• Exercise description: What is needed is a word-for-word copy of the listing below, without pictures.

---------- Exercise data

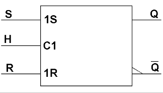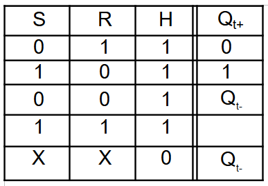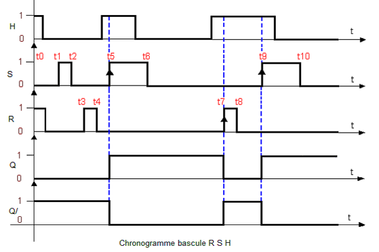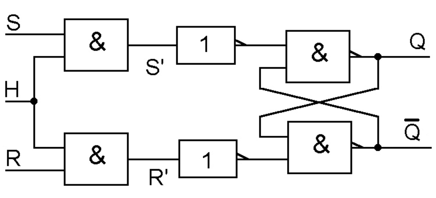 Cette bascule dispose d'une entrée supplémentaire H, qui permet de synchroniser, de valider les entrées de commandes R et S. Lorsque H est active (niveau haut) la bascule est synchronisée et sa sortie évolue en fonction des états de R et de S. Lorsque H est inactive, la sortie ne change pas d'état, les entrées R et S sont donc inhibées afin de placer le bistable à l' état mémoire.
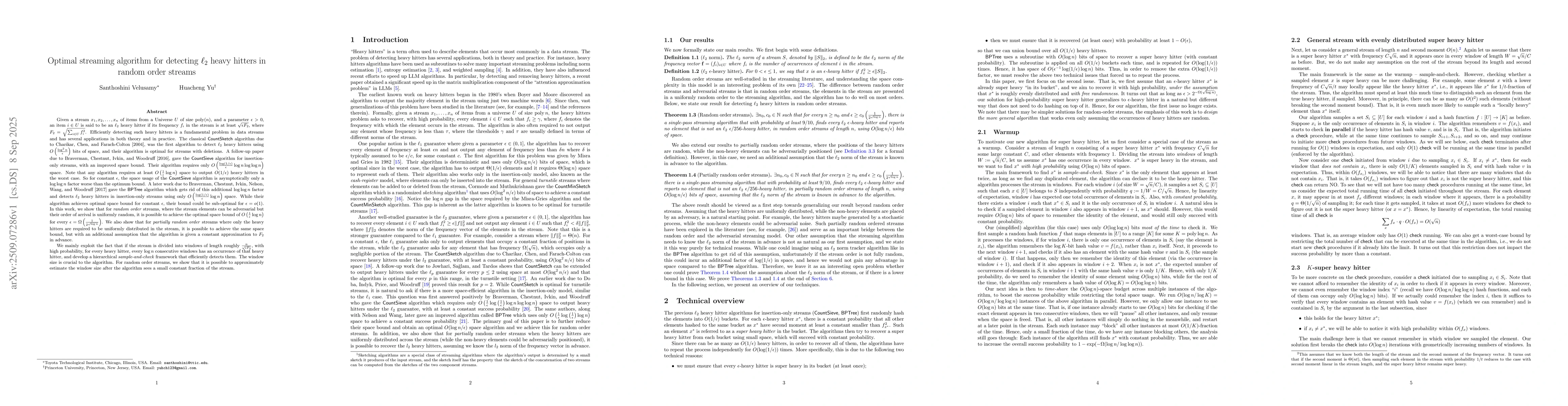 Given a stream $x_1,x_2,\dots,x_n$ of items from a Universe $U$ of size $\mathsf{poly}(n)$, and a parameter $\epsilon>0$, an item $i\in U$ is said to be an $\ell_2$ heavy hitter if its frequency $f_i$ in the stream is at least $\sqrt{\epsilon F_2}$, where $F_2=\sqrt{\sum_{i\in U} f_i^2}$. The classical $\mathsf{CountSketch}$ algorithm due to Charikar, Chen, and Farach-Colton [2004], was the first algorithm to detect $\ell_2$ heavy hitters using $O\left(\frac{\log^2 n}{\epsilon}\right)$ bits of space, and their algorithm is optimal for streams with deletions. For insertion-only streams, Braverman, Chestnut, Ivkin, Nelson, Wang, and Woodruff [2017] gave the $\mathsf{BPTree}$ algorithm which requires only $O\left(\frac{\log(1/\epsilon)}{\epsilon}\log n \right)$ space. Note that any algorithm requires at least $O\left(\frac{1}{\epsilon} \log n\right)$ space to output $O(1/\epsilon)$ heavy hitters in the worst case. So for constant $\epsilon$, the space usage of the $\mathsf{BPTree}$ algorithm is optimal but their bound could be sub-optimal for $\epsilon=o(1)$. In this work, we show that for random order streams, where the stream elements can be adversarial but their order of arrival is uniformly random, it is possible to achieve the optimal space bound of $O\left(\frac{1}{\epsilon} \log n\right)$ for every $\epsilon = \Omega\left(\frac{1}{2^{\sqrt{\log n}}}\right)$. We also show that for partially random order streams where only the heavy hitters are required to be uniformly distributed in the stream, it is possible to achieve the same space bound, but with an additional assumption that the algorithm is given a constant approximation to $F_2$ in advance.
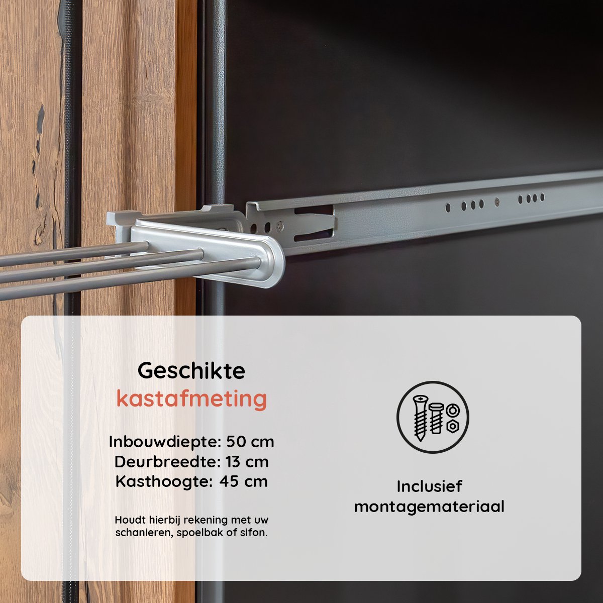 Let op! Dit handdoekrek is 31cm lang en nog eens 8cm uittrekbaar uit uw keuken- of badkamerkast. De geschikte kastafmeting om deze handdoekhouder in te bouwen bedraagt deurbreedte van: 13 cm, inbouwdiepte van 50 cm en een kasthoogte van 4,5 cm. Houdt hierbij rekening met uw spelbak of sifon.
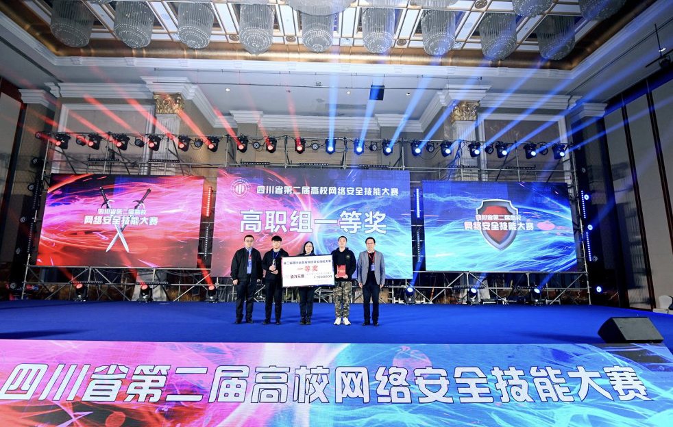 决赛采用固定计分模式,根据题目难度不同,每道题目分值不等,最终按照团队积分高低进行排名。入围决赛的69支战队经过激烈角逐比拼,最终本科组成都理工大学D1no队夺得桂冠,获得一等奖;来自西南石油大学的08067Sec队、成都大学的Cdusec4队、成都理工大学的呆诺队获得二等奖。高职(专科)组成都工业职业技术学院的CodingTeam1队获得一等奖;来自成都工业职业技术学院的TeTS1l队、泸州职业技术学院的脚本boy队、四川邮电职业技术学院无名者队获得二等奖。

--------------------

• Exercise response:
 Cette bascule dispose d'une entrée supplémentaire H, qui permet de synchroniser, de valider les entrées de commandes R et S. Lorsque H est active (niveau haut) la bascule est synchronisée et sa sortie évolue en fonction des états de R et de S. Lorsque H est inactive, la sortie ne change pas d'état, les entrées R et S sont donc inhibées afin de placer le bistable à l' état mémoire.
 Given a stream $x_1,x_2,\dots,x_n$ of items from a Universe $U$ of size $\mathsf{poly}(n)$, and a parameter $\epsilon>0$, an item $i\in U$ is said to be an $\ell_2$ heavy hitter if its frequency $f_i$ in the stream is at least $\sqrt{\epsilon F_2}$, where $F_2=\sqrt{\sum_{i\in U} f_i^2}$. The classical $\mathsf{CountSketch}$ algorithm due to Charikar, Chen, and Farach-Colton [2004], was the first algorithm to detect $\ell_2$ heavy hitters using $O\left(\frac{\log^2 n}{\epsilon}\right)$ bits of space, and their algorithm is optimal for streams with deletions. For insertion-only streams, Braverman, Chestnut, Ivkin, Nelson, Wang, and Woodruff [2017] gave the $\mathsf{BPTree}$ algorithm which requires only $O\left(\frac{\log(1/\epsilon)}{\epsilon}\log n \right)$ space. Note that any algorithm requires at least $O\left(\frac{1}{\epsilon} \log n\right)$ space to output $O(1/\epsilon)$ heavy hitters in the worst case. So for constant $\epsilon$, the space usage of the $\mathsf{BPTree}$ algorithm is optimal but their bound could be sub-optimal for $\epsilon=o(1)$. In this work, we show that for random order streams, where the stream elements can be adversarial but their order of arrival is uniformly random, it is possible to achieve the optimal space bound of $O\left(\frac{1}{\epsilon} \log n\right)$ for every $\epsilon = \Omega\left(\frac{1}{2^{\sqrt{\log n}}}\right)$. We also show that for partially random order streams where only the heavy hitters are required to be uniformly distributed in the stream, it is possible to achieve the same space bound, but with an additional assumption that the algorithm is given a constant approximation to $F_2$ in advance.
 Let op! Dit handdoekrek is 31cm lang en nog eens 8cm uittrekbaar uit uw keuken- of badkamerkast. De geschikte kastafmeting om deze handdoekhouder in te bouwen bedraagt deurbreedte van: 13 cm, inbouwdiepte van 50 cm en een kasthoogte van 4,5 cm. Houdt hierbij rekening met uw spelbak of sifon.
 决赛采用固定计分模式,根据题目难度不同,每道题目分值不等,最终按照团队积分高低进行排名。入围决赛的69支战队经过激烈角逐比拼,最终本科组成都理工大学D1no队夺得桂冠,获得一等奖;来自西南石油大学的08067Sec队、成都大学的Cdusec4队、成都理工大学的呆诺队获得二等奖。高职(专科)组成都工业职业技术学院的CodingTeam1队获得一等奖;来自成都工业职业技术学院的TeTS1l队、泸州职业技术学院的脚本boy队、四川邮电职业技术学院无名者队获得二等奖。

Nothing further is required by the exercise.